For a successful contribution, we recommend contacting the target project early on to share your approach and get feedback on it. The suitable integration approach can vary between making a totally dedicated MariaDB integration, to making sure existing MySQL integrations are documented and tested for MariaDB compatibility. 

There were a couple of next level python connector improvement suggestions. Please be in contact if you need MariaDB assistance in these:  

  • “Async MariaDB Connector for Python”, an improved python connector
  • “mariadb-vector-python”, “a comprehensive Python library for MariaDB Vector operations, inspired by pgvector-python, but tailored for MariaDB’s unique capabilities.”

There were several idea submissions mentioning MariaDB Jupyter. We tried to accept those that we felt would be closest to a plausible addition to the mariadb_kernel, in other words a pull request adding magics for MariaDB Vector and LLMs that would make it easy to showcase how to do RAG with MariaDB.

There were a few “natural language to SQL query” suggestions that wanted to implement their solution from scratch.. We accepted a couple of these, but we recommend considering finding existing “text2sql” solutions where MariaDB could be added. 

We had to drop idea submissions for a variety of reasons. Some had generic bundling ideas around ML and AI tools with MariaDB. Since the criteria in this track was to submit a specific integration to an existing framework or project, these were deemed outside the scope for the integration track.

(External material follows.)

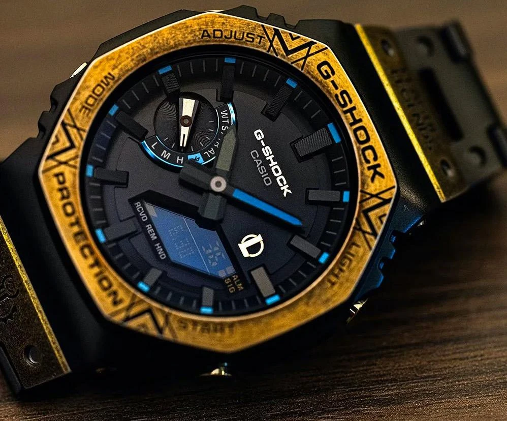 Мужские наручные часы Casio G-Shock GM-B2100LL-1A. Точный кварцевый механизм с аналого-цифровой индикацией. Корпус изготовлен из высококачественной нержавеющей стали 316L с высокими антикоррозийными свойствами. Светодиодная подсветка. На циферблате отображается текущее число, месяц и день недели. Ударопрочная конструкция часов защищает от ударов и вибрации. Солнечная батарейка. Солнечная подзаряжающаяся батарейка обеспечивает питание часов для работы. Функция Bluetooth позволяет удобно отображать все метрики с часов на экране смартфона, а также выводить на часы уведомления о входящих звонках, сообщениях и имейлах. Функция таймера. Таймеры обратного отсчета напомнят Вам о текущих или особенных событиях, издав звуковой сигнал в установленное время. Для подсветки дисплея используется светодиод, а так же имеет функцию автоматического включения подсветки, если Вы наклоните часы к своему лицу. Функция будильника. Функция перемещения стрелок. Нажатие на кнопку обеспечит перемещение стрелок в такое положение, которое позволит Вам легко считать информацию с маленьких цифровых дисплеев – например, дату или показатели секундомера. Отображение текущего времени в основных городах и конкретных областях по всему миру. После настройки автоматический календарь всегда отображает точную дату. Отображение времени возможно в 12-часовом или 24-часовом формате. Браслет из нержавеющей стали. Прочное, устойчивое к царапинам минеральное стекло защищает часы от повреждений. Часы являются водонепроницаемыми до 20 Бар. Цвет корпуса: Желтое золото. Цвет циферблата: Бежевый. Ширина (с заводной головкой): 50мм. Толщина: 13мм. Гарантия: 2 года.

Some idea submissions were suggesting integrations for projects that already have MariaDB integrations, like LangChain. We hope we didn’t misunderstand the intent of such idea submissions, but we had limited time to look into each idea submission in more detail.

Ideas in the Innovation track 

Innovations make MariaDB easier to use by showing off code that uses cool MariaDB Server features. We are expecting the end result to be a  reference implementations in a GitHub repo that provides an ideal starting point for users to copy and paste from, to extend, to apply to their own situation.

To be honest, I wonder if we should have called the track “MariaDB feature use cases”, because we got so many innovative idea submissions that seem to be “cool apps” with the focus heavily on the end user and even business plans, when we had goal of focusing on technical features in MariaDB.

That said, what were the most popular MariaDB features to show case in the idea submissions? We short-listed nearly 100 exciting ideas that span MariaDB features such as:

  • MariaDB Vector, a building block in AI, RAG and semantic search is unsurprisingly a popular choice in the idea submissions. An interesting twist in one submission was doing multimodal searches on both images and text. 
  • ColumnStore – lightning-fast analytics queries on large datasets
  • Temporal Tables – time-travel queries on what your data looked like in history
  • Galera Cluster – MariaDB’s synchronous multi-master replication for high availability and zero-downtime deployments
  • System-Versioned Tables – automatic tracking of all changes to your data with complete audit trails
  • MariaDB’s Spatial/GIS capabilities – store and query geographic data with functions like distance calculations and location searches
  • Virtual Columns – values are computed from other columns using expressions

We are looking forward to interesting code examples with step by step documentation explaining how to use the MariaDB features in the interesting use cases brainstormed for the track.

The idea submissions we have read through had some amazing, creative use cases, but we remind you, the focus is on how the chosen MariaDB feature can be showcased.

We highly recommend using the common, public dataset openflights to showcase these MariaDB features. The goal is to collect several showcases using that same dataset.

Heading into the hackathon’s development phase

As we continue in the development phase with a bit under three weeks to go, remember what has been mentioned: 

Everybody can stand out in the crowd, not just the prize pool winners. All meaningful contributions will get listed and thus get widespread attention from the MariaDB user community. 

Looking forward to your participation!